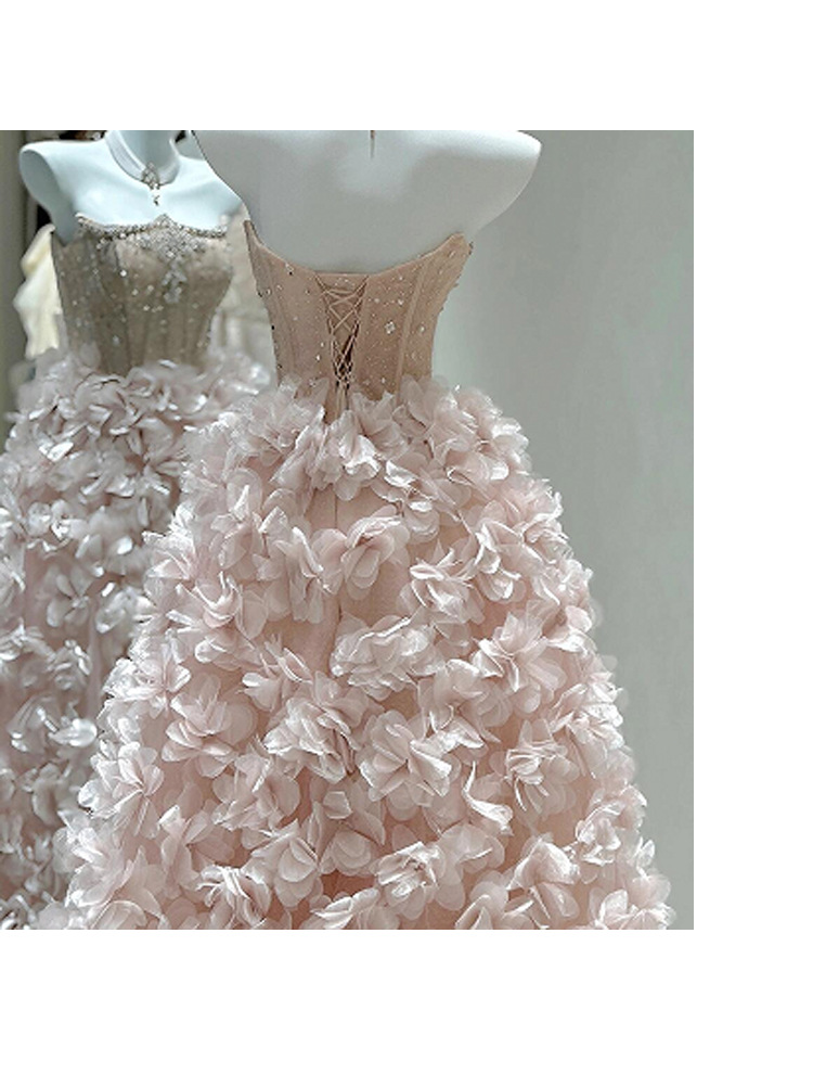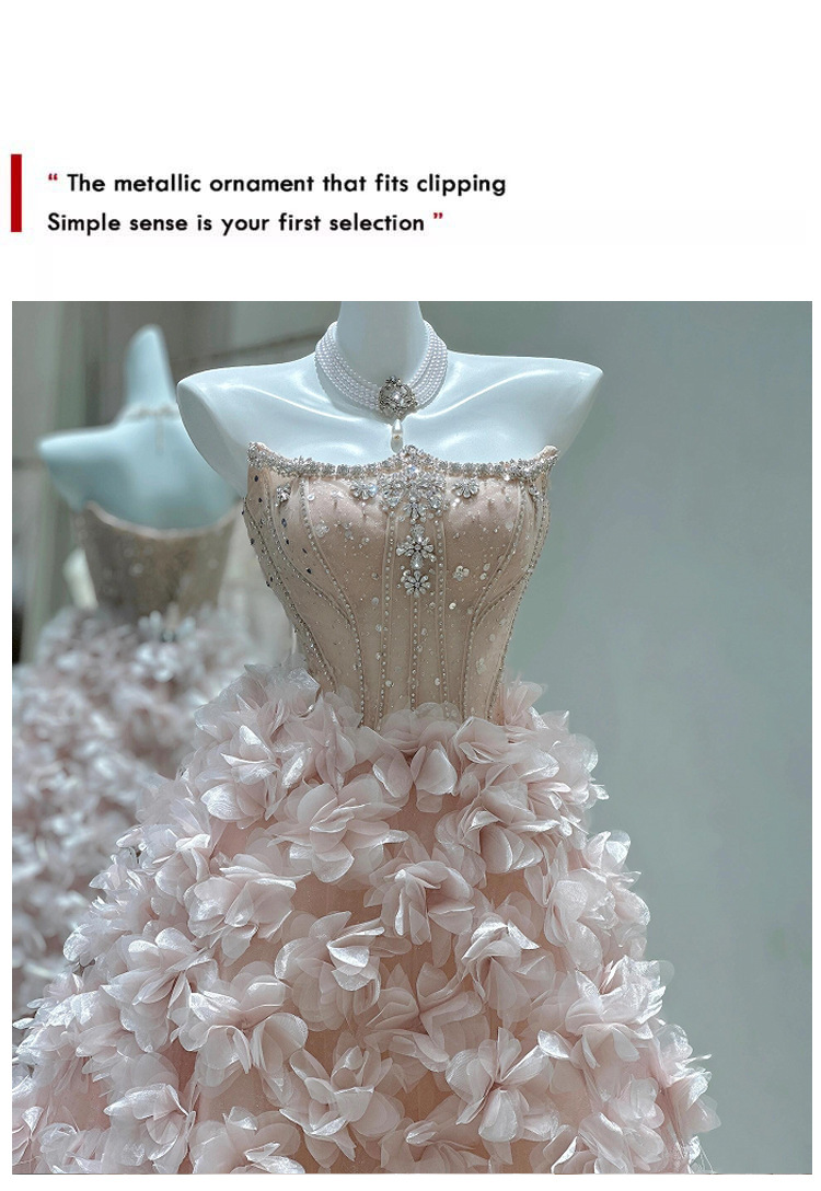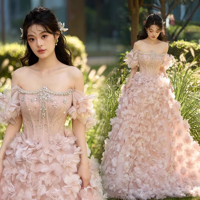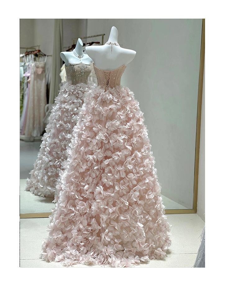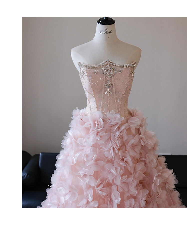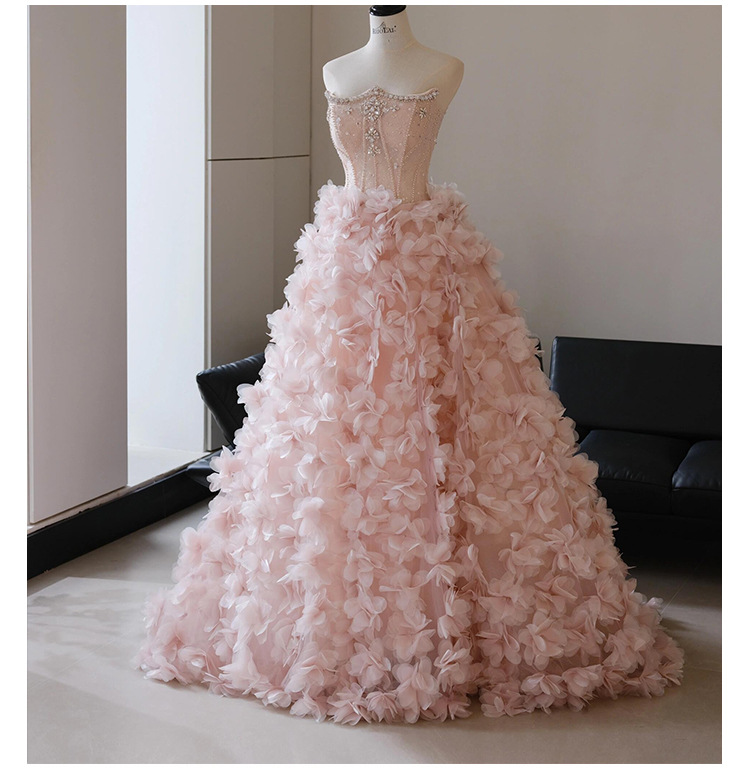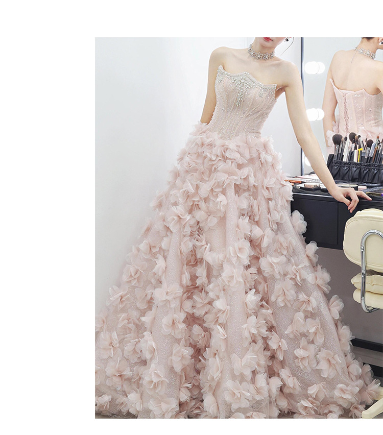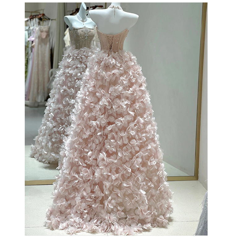 抹胸晚礼服裙女花朵粉色法式小众宴会生日派对新娘订婚结婚敬酒服
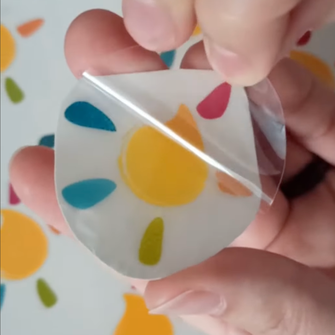 Retirer délicatement la fine pellicule en plastique qui protège le tatouage, puis retourner le tatouage pour le placer à l'endroit souhaité.
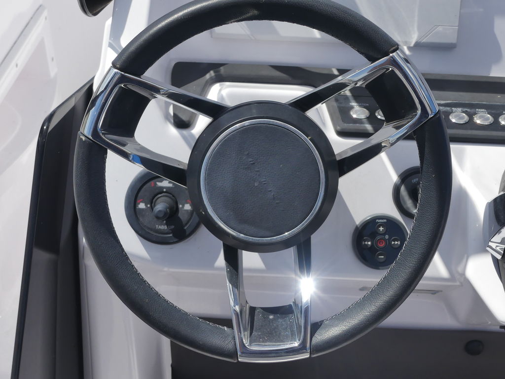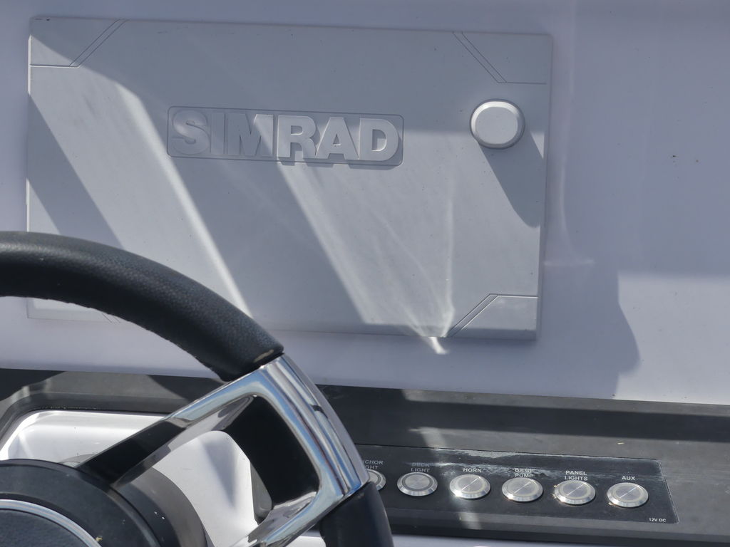 Helm: Ergonomically designed with a clean layout, illuminated push-button controls, a leather steering wheel, and premium electronics such as a Simrad Chartplotter and echo sounder.
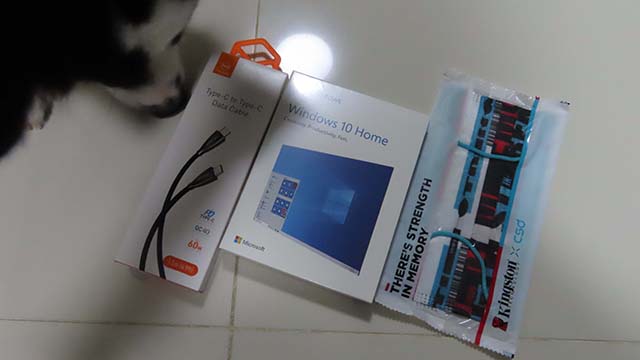 | W10のOSは例によってUSBドライブ形式で、THB 4,290。 TYPE-C <-> TYPE-CケーブルはTHB 190。 Kingstonのマスクは無料で置いてあった。 もっと持ってくることもできたのだが、中国人だと思われたくないのでやめた。 |
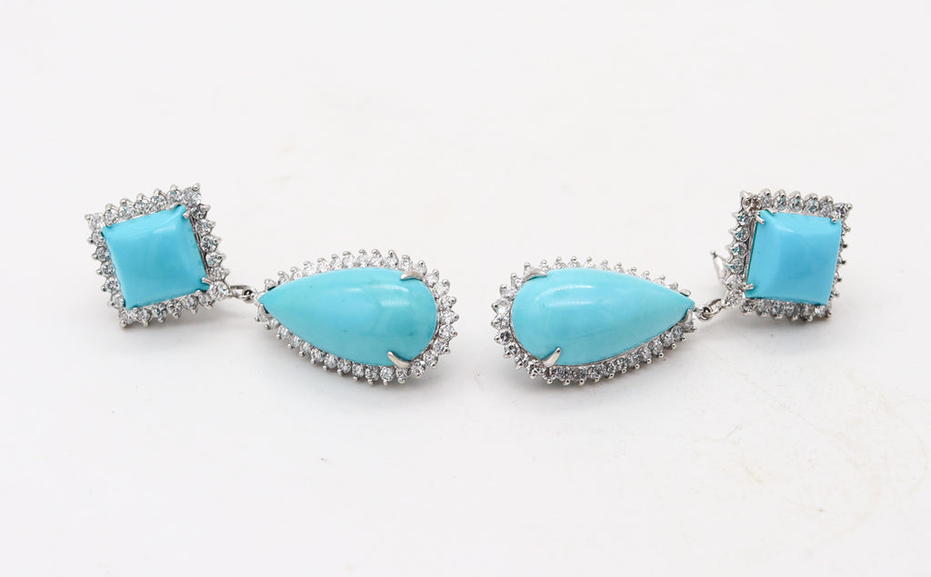 These are a magnificent pair of vintage dangle-drop earrings created during the modernist period, back in 1970. The pair of earrings were masterfully crafted with classic mountings in solid white gold of 18 karats with high polished finish. The lower parts of the earrings are detachable to be converted into day & night and are fitted with customized wires and safety hooks. They are embellished with four natural blue turquoises and one-hundred-twelve natural earth mined white colorless diamonds. They are fitted at the reverse with comfortable hinged omega backs for fastening clips and the addition of gold posts for pierced ears may be easily installed. They are in perfect condition, with a gorgeous eye appeal and impressive look. The total combined carat's weight of the gemstones are 46.02 carats.
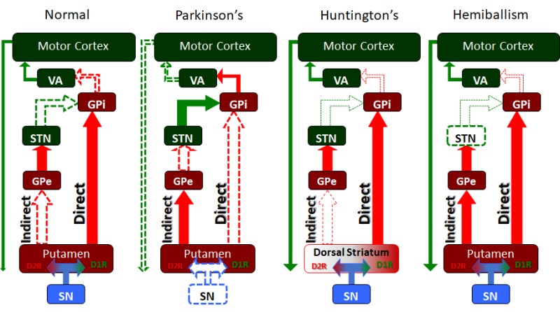 Among its various roles, the basal ganglia are particularly involved in "disinhibiting" or releasing motor action. These sped-up circuit diagrams show how the different basal ganglia nuclei and pathways work together in healthy people and people with a number of extrapyramidal motor diseases, like Huntington's disease, Parkinson's disease, and hemiballismus.
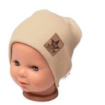 Baby Nellys Rebrovaná dvojvrstvová čiapka s lemom – béžová, veľ. 80/86
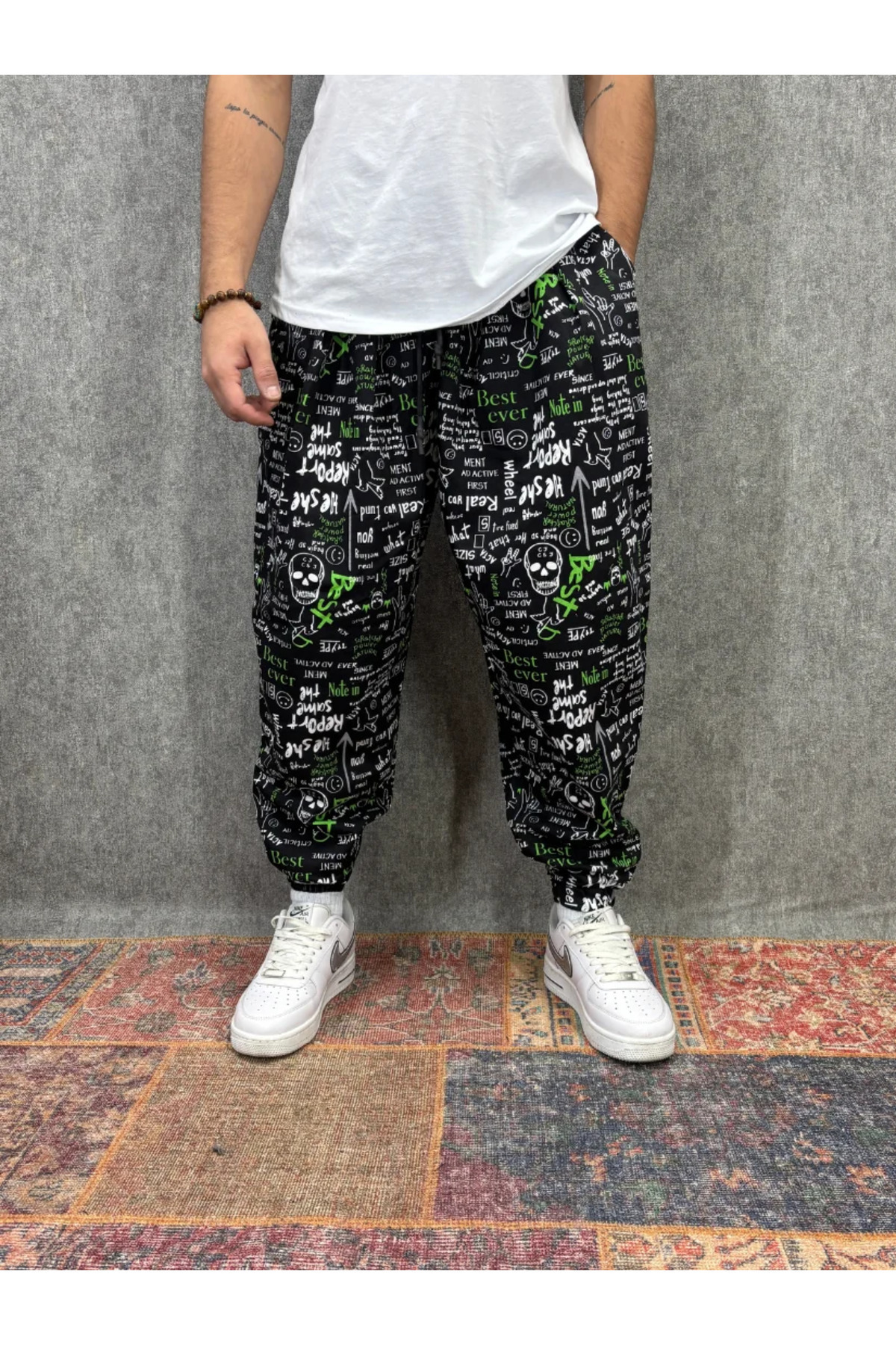 ميزات بنطلون نصف شالوار مطوي ومزين بنمط مع خصر مطاطي من FıttingRoom
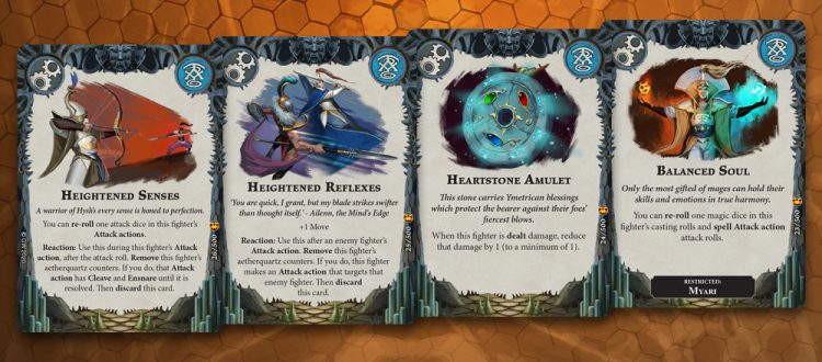 Heightened Reflexes - 4/5 The +1 Move is pretty inconsequential, but a free attack is always great. However, it’s very telegraphed - requires a Glory to Upgrade, an Upgrade slot, and then your Aetherquartz counter on top of that. However, free Attacks are free, and it’s a threat as long as it’s on a fighter. It’ll make anyone think twice about charging near an Inspired Bahannar. Raf: Has some interesting utility in that you can trigger it even if the fighter holding it is not the target, and it can be your archer 5 hexes away. Not sure if interesting also means "good" in this case.
--*--
- _Exercise objective_
Write out every record above exactly, leaving no picture in the result.

- _Task output_
 抹胸晚礼服裙女花朵粉色法式小众宴会生日派对新娘订婚结婚敬酒服
 Retirer délicatement la fine pellicule en plastique qui protège le tatouage, puis retourner le tatouage pour le placer à l'endroit souhaité.
 Helm: Ergonomically designed with a clean layout, illuminated push-button controls, a leather steering wheel, and premium electronics such as a Simrad Chartplotter and echo sounder.
 | W10のOSは例によってUSBドライブ形式で、THB 4,290。 TYPE-C <-> TYPE-CケーブルはTHB 190。 Kingstonのマスクは無料で置いてあった。 もっと持ってくることもできたのだが、中国人だと思われたくないのでやめた。 |
 These are a magnificent pair of vintage dangle-drop earrings created during the modernist period, back in 1970. The pair of earrings were masterfully crafted with classic mountings in solid white gold of 18 karats with high polished finish. The lower parts of the earrings are detachable to be converted into day & night and are fitted with customized wires and safety hooks. They are embellished with four natural blue turquoises and one-hundred-twelve natural earth mined white colorless diamonds. They are fitted at the reverse with comfortable hinged omega backs for fastening clips and the addition of gold posts for pierced ears may be easily installed. They are in perfect condition, with a gorgeous eye appeal and impressive look. The total combined carat's weight of the gemstones are 46.02 carats.
 Among its various roles, the basal ganglia are particularly involved in "disinhibiting" or releasing motor action. These sped-up circuit diagrams show how the different basal ganglia nuclei and pathways work together in healthy people and people with a number of extrapyramidal motor diseases, like Huntington's disease, Parkinson's disease, and hemiballismus.
 Baby Nellys Rebrovaná dvojvrstvová čiapka s lemom – béžová, veľ. 80/86
 ميزات بنطلون نصف شالوار مطوي ومزين بنمط مع خصر مطاطي من FıttingRoom
 Heightened Reflexes - 4/5 The +1 Move is pretty inconsequential, but a free attack is always great. However, it’s very telegraphed - requires a Glory to Upgrade, an Upgrade slot, and then your Aetherquartz counter on top of that. However, free Attacks are free, and it’s a threat as long as it’s on a fighter. It’ll make anyone think twice about charging near an Inspired Bahannar. Raf: Has some interesting utility in that you can trigger it even if the fighter holding it is not the target, and it can be your archer 5 hexes away. Not sure if interesting also means "good" in this case.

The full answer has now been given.